One of the fundamental recommendations of the Wright Review was the idea that LPC chairs would form a council as a means to address the disconnect between PSNC and LPCs. That seems to have been largely abandoned. So how will we create effective two-way communications, so LPCs can learn from the centre, and the centre learn from the local – vital for service and policy development – and we get closer to creating one structure? Listening groups offer some progress, but they do not carry the weight towards policy or service development envisaged. The ability to hold to account is weakened too. 

The approach was also intended to provide a strong mechanic for governance across the systems, while greater engagement of chairs would be part of a future system leadership development programme. Better leaders will be vital if LPCs are to flourish in the developing ICS infrastructures. We know from the medics that this approach is effective, so why reinvent the wheel? 

There are some positive steps creating a more professional negotiating group that may provide a stronger hand in future contract discussions, but that needs to be backed up with other functional elements or we will continue to say the same stuff, though we might say it better.  
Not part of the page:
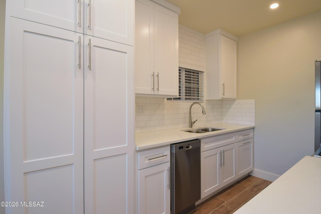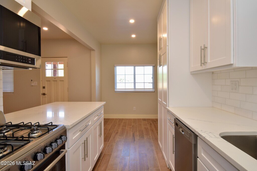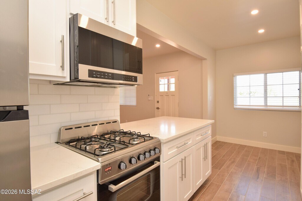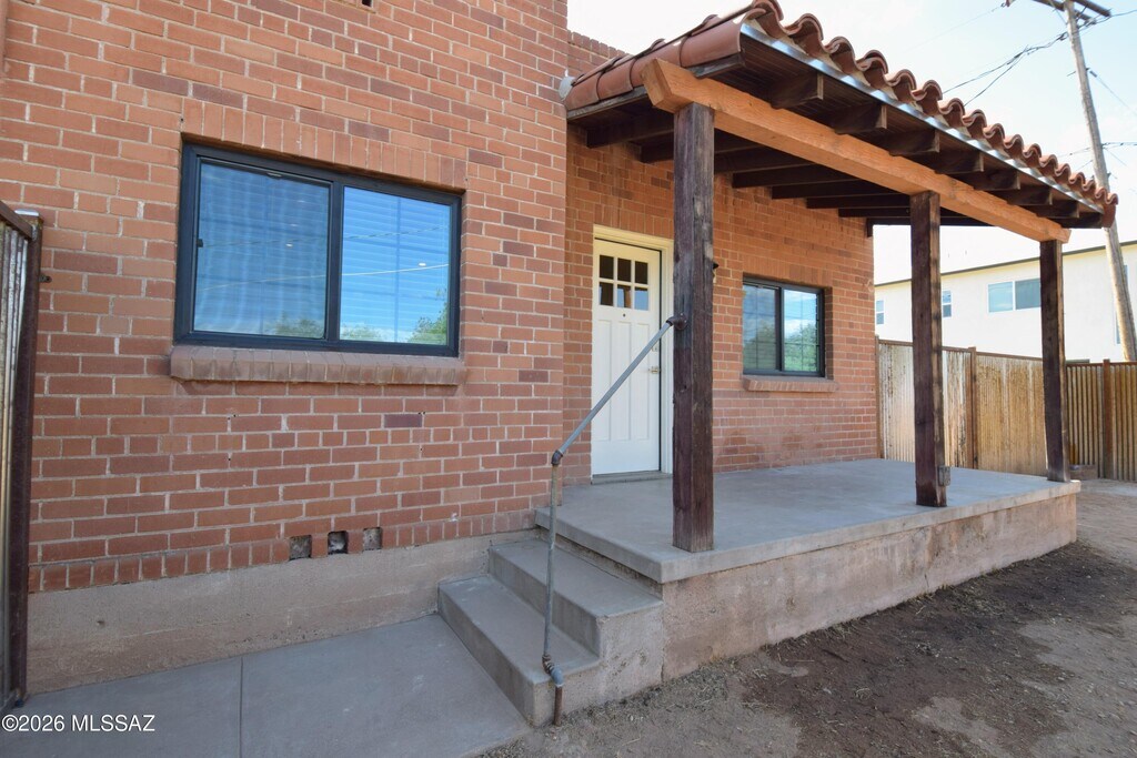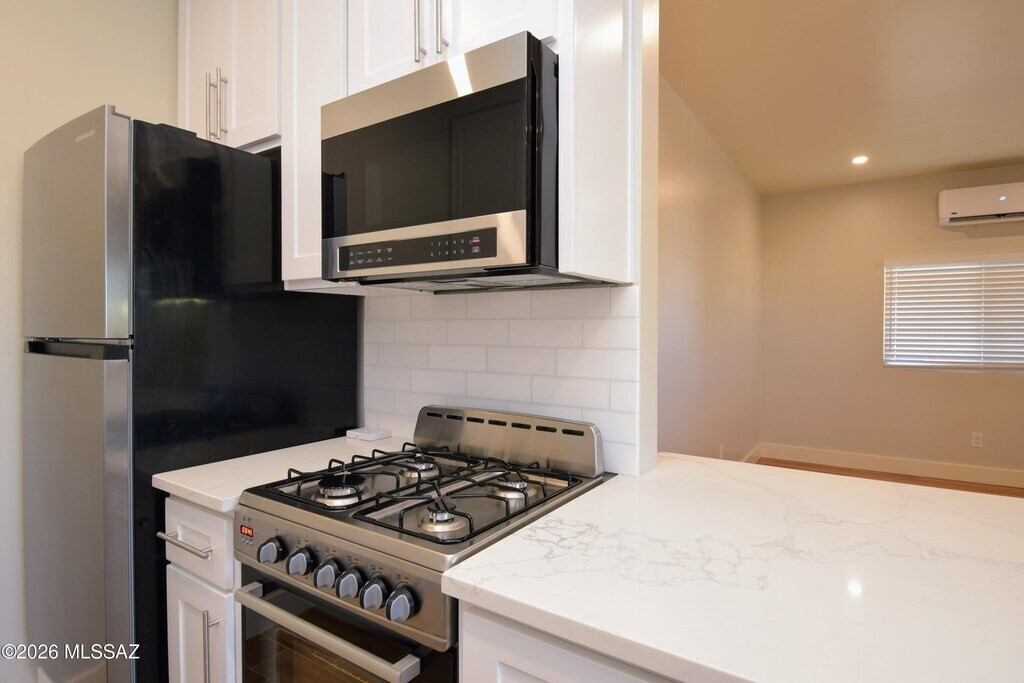 Pre-Leasing for August 2026. DO NOT DISTURB TENANTS. Showings are available with a 48 Hour Notice to the current renovated 1 Bed 1 Bath Casita less than half a mile from the University of Arizona. 576 SQ FT. You can see the ''A'' on Arizona Stadium from the front porch. Beautifully refinished original Golden Oak hardwood floors in the living room and bedroom with brand new tile in the kitchen and bathroom. The modernized kitchen has white shaker cabinets, quartz countertops, and new stainless steel appliances that include a stove, refrigerator, microwave, dishwasher and stackable washer/dryer. Full-size bathroom with oversized marble vanity and walk-in shower. LED lighting throughout. MLS ID 22609643

It seems simple to me. We start with the strategy. We develop a structured approach to policy and service development that aligns to the strategy. We create an effective link between LPCs and PSNC that has two-way accountability and creates a sense that everyone is part of one team. And we need to get on with it.

What has happened so far looks like a step forward, but it’s a small one, especially given the invested time and energy. Time has moved on, and it looks like the opportunity to move away from the current power plays and short-term vested interests has been missed. 

We still desperately need a longer term strategic perspective of what is needed to put community pharmacy on the map in an integrated and more localised world, where it can take on a pivotal role in demand management within primary care.